Exception: You cannot access body after reading from request's data stream

Question

Since Django 1.5 raw post data is accessible via request.body.

In my application I sometimes get data send via a form and sometimes raw data (json for example). Is there any way to write a function like this that does not fail?

def get_post_var(request, name):
    result = request.POST.get(name)
    if result:
        return result

    post_body = dict(urlparse.parse_qsl(request.body))
    result = post_body.get(name)
    if result:
        return result

    return None

Answer 1

You need call request.data instead request.body, if there's still an error, you need to call request.data ONLY one time (check you view, middleware, or maybe paginator) and if you find that you call it more then one time, add request.data to reference, for example request_data, or smth like this. It's work for me

Answer 2

For those interested to know, I faced this issue:

You cannot access body after reading from request's data stream

when I added 'oauth2_provider.contrib.rest_framework.OAuth2Authentication' in the "REST_FRAMEWORK" like so in the settings.py:

REST_FRAMEWORK = {
   ...
    'DEFAULT_AUTHENTICATION_CLASSES': (
      ...
       'oauth2_provider.contrib.rest_framework.OAuth2Authentication',
      ...
    ),

Of course disabling this will work but not a workaround I would be proud of.

Answer 3

For those with the same error who are not readying the body or POST, I had this same error when I used this line of code in a process_view middleware::

   event = request.event if 'event' in request else None

Solved by settings request.event = None at the top of the function so I could then use:

    event = request.event

Answer 4

Use request.data instead of request.body.

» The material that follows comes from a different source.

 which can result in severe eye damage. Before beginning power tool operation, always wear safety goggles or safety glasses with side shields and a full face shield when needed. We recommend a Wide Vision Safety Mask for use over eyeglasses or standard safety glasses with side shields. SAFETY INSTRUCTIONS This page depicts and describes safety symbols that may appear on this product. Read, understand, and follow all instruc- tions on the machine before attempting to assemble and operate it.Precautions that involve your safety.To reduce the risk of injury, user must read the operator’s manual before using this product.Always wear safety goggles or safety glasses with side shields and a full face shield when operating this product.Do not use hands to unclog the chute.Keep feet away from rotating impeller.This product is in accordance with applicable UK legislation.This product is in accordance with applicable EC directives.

request.data does not read the data stream again.

Answer 5

I was able to read my request.POST after putting @csrf_exempt before my view function. Because CSRF middleware accesses POST data.

Answer 6

Adding to Adam Easterling's answer it is worth noting that Django itself 'violates' the hint of not using request.POST in middleware:

The CsrfViewMiddleware class can be considered an exception, as it provides the csrf_exempt() and csrf_protect() decorators which allow views to explicitly control at what point the CSRF validation should occur.

Which does not sanitilize the violation IMO

Answer 7

The error You cannot access body after reading from request's data stream will be triggered on a request if (1) that request method is POST, (2) that request's POST dictionary is accessed in middleware, in either process_request or process_view and (3) within the view function, request.body is accessed. It is on (3) that the error will be raised, even though the real cause of the bug is (2).

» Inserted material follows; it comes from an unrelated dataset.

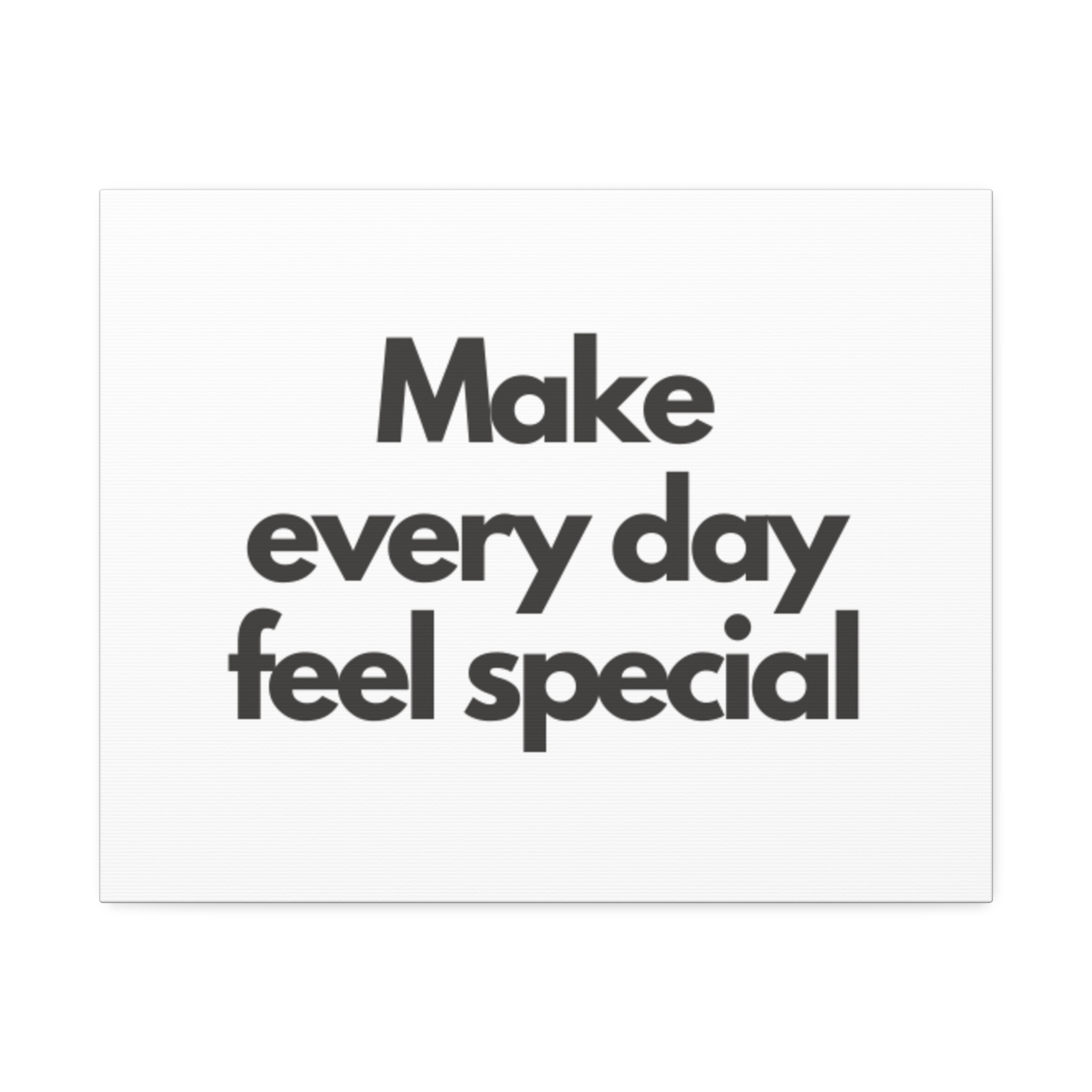 A minimalist stretched canvas print that speaks softly but clearly: bold, rounded type set against a clean white field reads “Make every day feel special.” It brings quiet encouragement to entryways, workspaces, nurseries, or beside a morning coffee station. The semi-gloss polyester surface keeps the black lettering crisp and modern while the hand-stretched fabric over a 1.5″ pine frame gives subtle depth on the wall. Ready-to-hang with included mounting hardware and a small QR code on the back for care or provenance, this canvas blends everyday optimism with gallery-quality construction.

In order to resolve the error, you need to examine your middleware for where it accesses request.POST and modify it such that it doesn't access request.POST anymore.

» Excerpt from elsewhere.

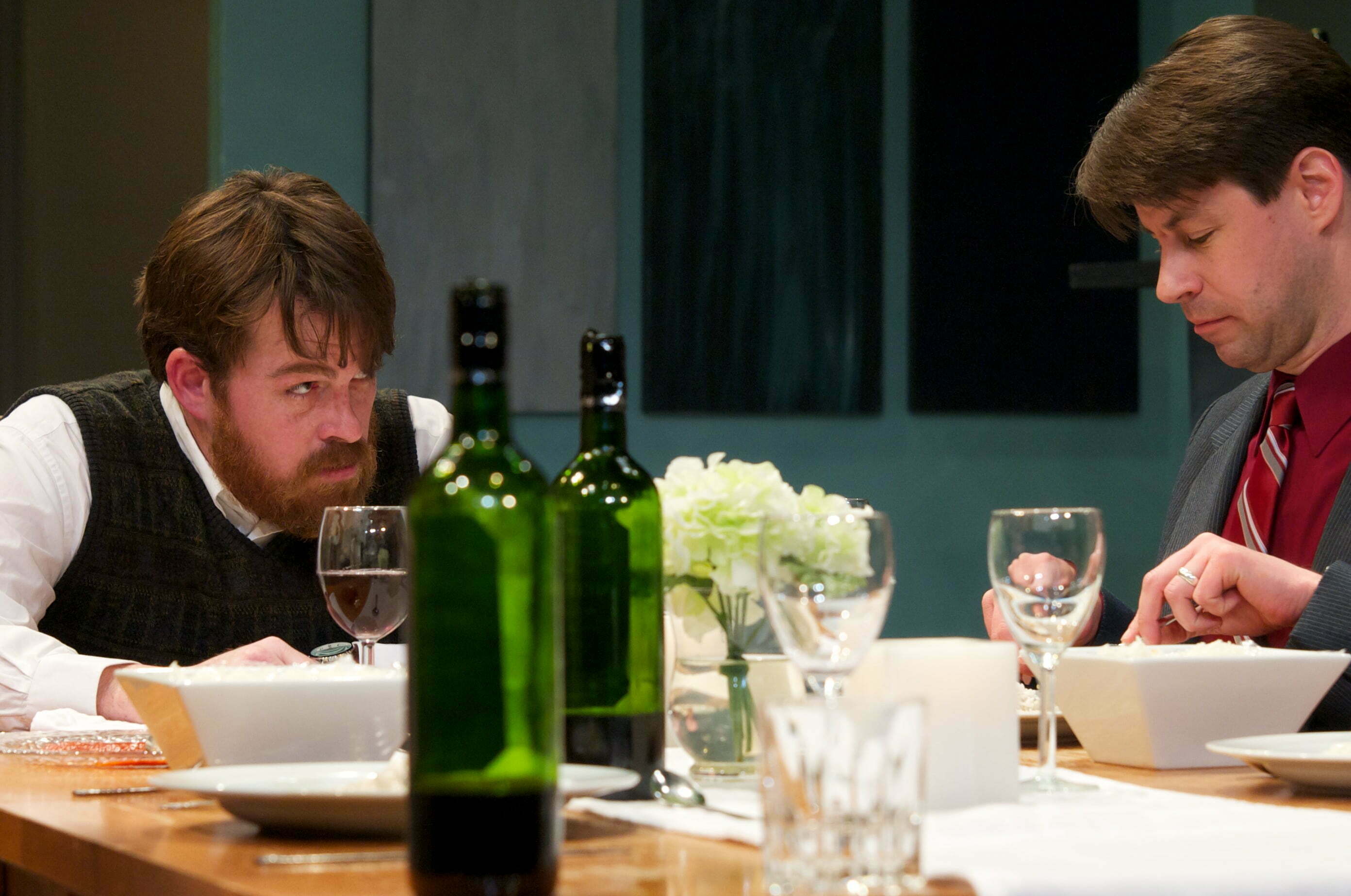 When, five years later, the tables have turned that necessitate the Brits hosting the Irish for dinner in their London flat in the hopes of landing a loan from the now rich Irishman, the “tables” surly have turned giving the play a workable twist. That Was Then is set in two time periods simultaneously (pre – and post-Celtic Tiger Era Ireland). Playwright Gerard Stembridge and director Carolyn Klein deftly weave the events of both evenings into a funny and cleverly presented dark comedy.

The Django docs say that middleware should not access request.POST, and this is one consequence of ignoring that recommendation.

Also check out this Django ticket on the issue, which includes the note:

[M]iddleware that hits request.POST should (usually) be considered a bug. It means that the view will be unable to set any custom upload handlers, perform custom parsing of the request body, or enforce permission checks prior to file uploads being accepted.